Herb Keinon
The Jerusalem Post
March 10, 2009 - 12:00am
http://www.jpost.com/servlet/Satellite?cid=1236603392622&pagename=JPost%2FJPArti...


Prime Minister-designate Binyamin Netanyahu has no intention of sidelining the Palestinian track in favor of a Syrian one, Dore Gold, one of Netanyahu's top foreign policy advisers, said Monday.

Gold's comments came the same day that Syrian President Bashar Assad said in an interview published in the United Arab Emirates daily Al-Khaleej that while a peace deal with Israel was possible, normal relations would only come about if Israel ended its conflict with the Palestinians.

"There will perhaps be an embassy and formalities, but if you want peace, then it has to be comprehensive. We give them the choice between comprehensive peace and a peace agreement which does not have any real value on the ground," Assad said in the interview, according to a Reuters report.

"There is a difference between a peace agreement and peace itself," he said. "A peace agreement is a piece of paper you sign. This does not mean trade and normal relations, or borders, or otherwise. Our people will not accept that, especially since there are half a million Palestinians in our country whose position remains unresolved. It is impossible under these terms to have peace in the natural sense."

Assad said it was in the Palestinians' interest to coordinate with Damascus regarding its talks with Israel, to avoid Israel's putting off a resolution with the Palestinians.

"We believe that if Israel signs [a peace agreement] with Syria, Israel will put away the Palestinian question," he said.

Gold, however, said he believed "Netanyahu has made it clear that presently he would like to focus on the Palestinian track."

He added that those who "suggest that he will begin by working on the negotiations with Syria are basing themselves on an inaccurate reading of Netanyahu's diplomacy in 1998, during his contacts with Damascus."

According to Gold, "there is an unfounded mythology that has gained some currency" that Netanyahu was willing to withdraw fully from the Golan Heights in 1998. "It is not true," he said.

That "mythology," however, is feeding those who say Netanyahu would prefer focusing on the Syrian track, rather than the Palestinian one.

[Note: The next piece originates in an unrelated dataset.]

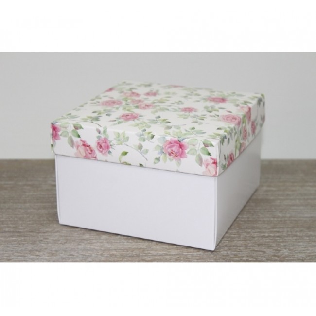 Подарочная коробка 150*150*100мм, с белым дном, цветы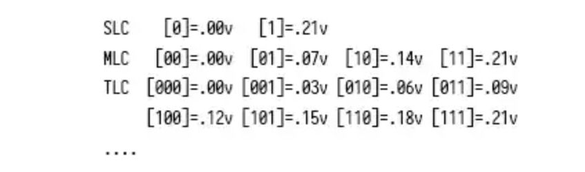 那么其实我们从中就能看出来了,TLC颗粒每个存储单元可以存储3个比特,有“000”、“001”、“010”、“011”、“100”、“101”、“110”、“111”八种电压状态。

Gold said that while contact with Arab countries was positive, it was necessary to see what the Syrian policy was, whether it could change, and whether Damascus would continue to support terrorist organizations. The new government, he said, would conduct a policy review and determine a position.

He said, however, that there seemed to be more opportunity on the Palestinian track at this point.

"But if you begin to run after the Syrian track with the same intensity, you won't achieve anything either there or here," he said.

Gold declined to comment on whether Netanyahu would like to continue using Turkey as an intermediary with Syria, saying that it was "premature" to talk about Netanyahu's policies on such matters.

He said there would "certainly" be a policy review that would include a detailed briefing on where the indirect talks with Syria led, and what the security and diplomatic establishments recommended.

Over the weekend, US Secretary of State Hillary Clinton, during a visit to Turkey, praised Ankara's mediation in talks between Syria and Israel last year.

"The importance of this track, the peace effort, cannot be overstated," she said.

Turkish Foreign Minister Ali Babacan said his country would be willing to resume its mediation role if the parties wanted it.

Despite anger in Jerusalem at the way Turkish Prime Minister Recep Tayyip Erdogan viciously criticized Israel over Operation Cast Lead, there is an understanding that the Turkish-Israeli alliance is an important one to safeguard, and the question of whether to give Turkey a role in the talks would probably hinge on whether this were deemed something that helped or hindered that alliance.

Some in Jerusalem believe that Assad's comments about wanting to coordinate positions with the Palestinians might have been made because he has internalized that the new Netanyahu government will want to begin with the Palestinian track, and that Assad was signaling that he was also still very much in the game.

Talks with Israel now, according to this assessment, would also help Assad deflect criticism likely to be aimed his way as a result of the tribunal on the assassination of former Lebanese president Rafik Hariri, which opened in The Hague on March 1.